For the first few days, Ben is all go, reading guide books, consulting maps, working out when things will be open. We should go shopping in the village in the cool of the morning; in the late afternoon, we should visit an art gallery or the fishing port where Picasso had his studio (its harbour now filled with shiny black super-yachts that look like arrowheads of jet). Christopher complains as we buckle him into his car seat, and threatens to be sick as the car twists along the hairpin bends. He doesn’t care much for Picasso.

But on the third morning Cecily sleeps in until after nine, and so Ben and I wake of our own accord, a novelty that gives him time to reconsider. Perhaps we’ll just hang out for now.

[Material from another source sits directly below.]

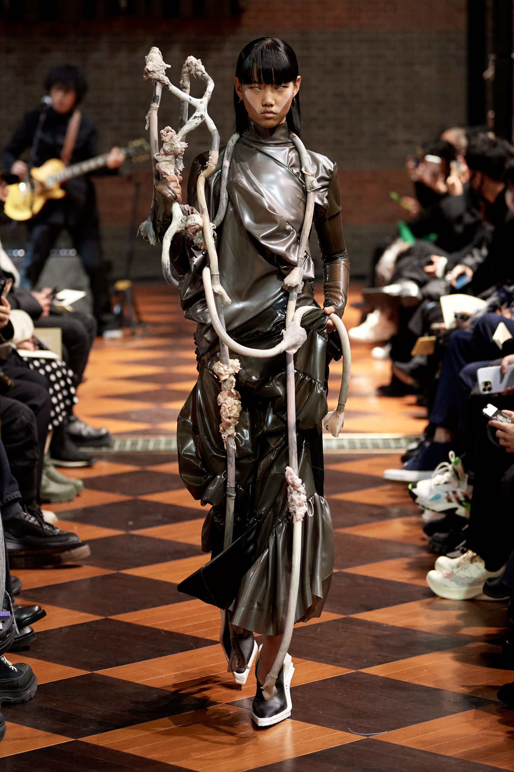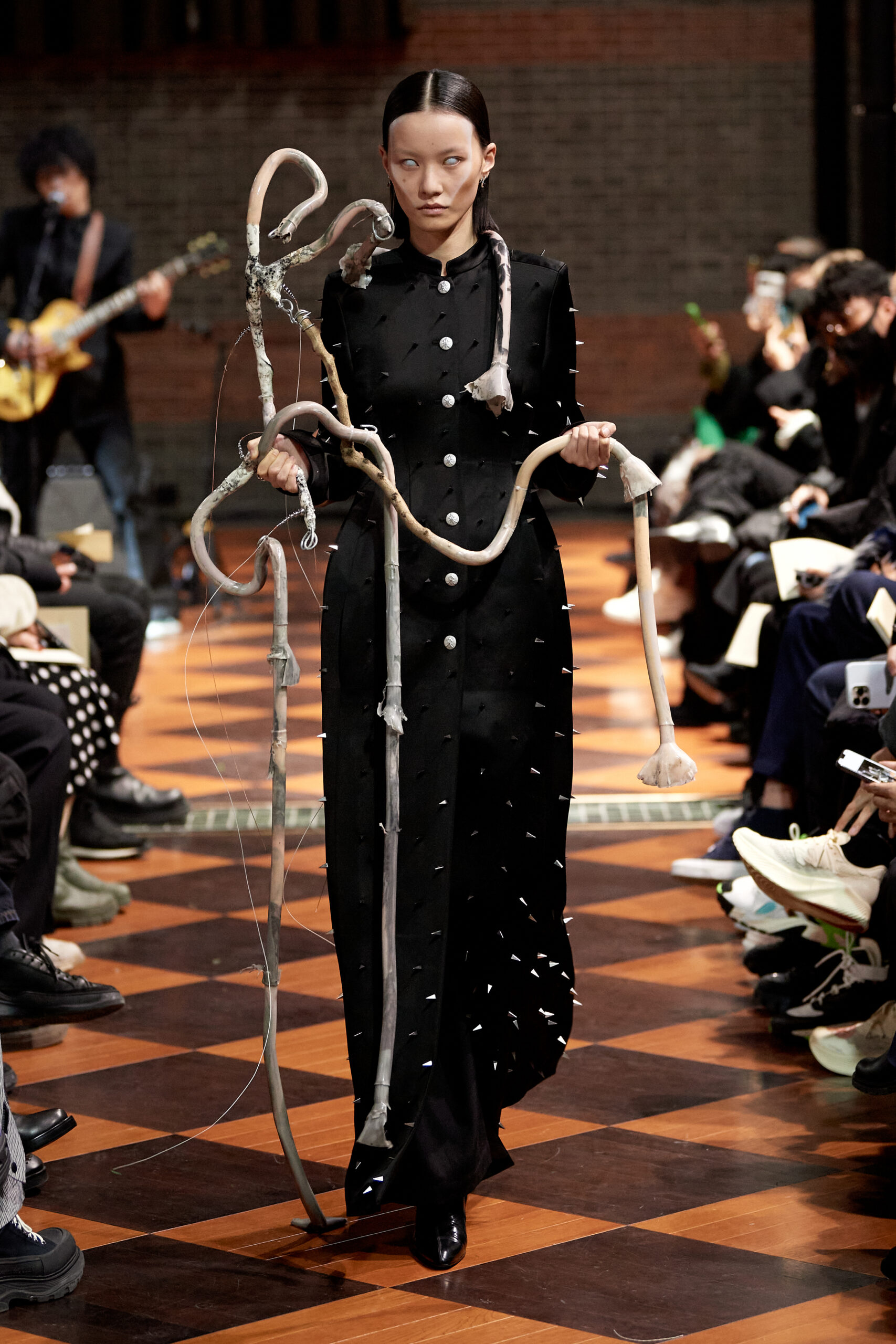 Les pièces de sculpture portées par les mannequins ont été créés par l’artiste Yuyu Wang. Ces formes organiques, réalisées en silicone, en plâtre et en résine, suscitent l’imagination de parties de corps humain, voire d’organes internes. En collaboration avec SANKUANZ, ces œuvres sont tenues en main ou enroulées autour du cou ou des membres des modèles, présentant une structure scénique composée d’objets corporels et bioniques, de parties artificielles et d’ « organes » évoquant une silhouette hybride.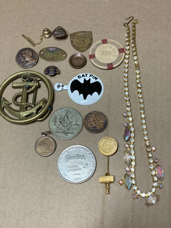 Title (ebay affiliate link): Junk Drawer Lot, Masonic Coca Cola American Legion Batman Marine Coins Casino

See how it goes. It’s in the quiet uneventfulness of the next few days that I begin to sense her – the other me, the person I thought I’d lost – and the flashes of the ease and happiness she took for granted. When Ben has taken the children for the first swim of the day, I make a second pot of coffee and carry a cup around the garden, discovering that one thought can still lead, quite naturally, to another. In the shade, the grass is damp from the sprinkler. As I step into the sun, I can feel the air rising around me, laden with moisture.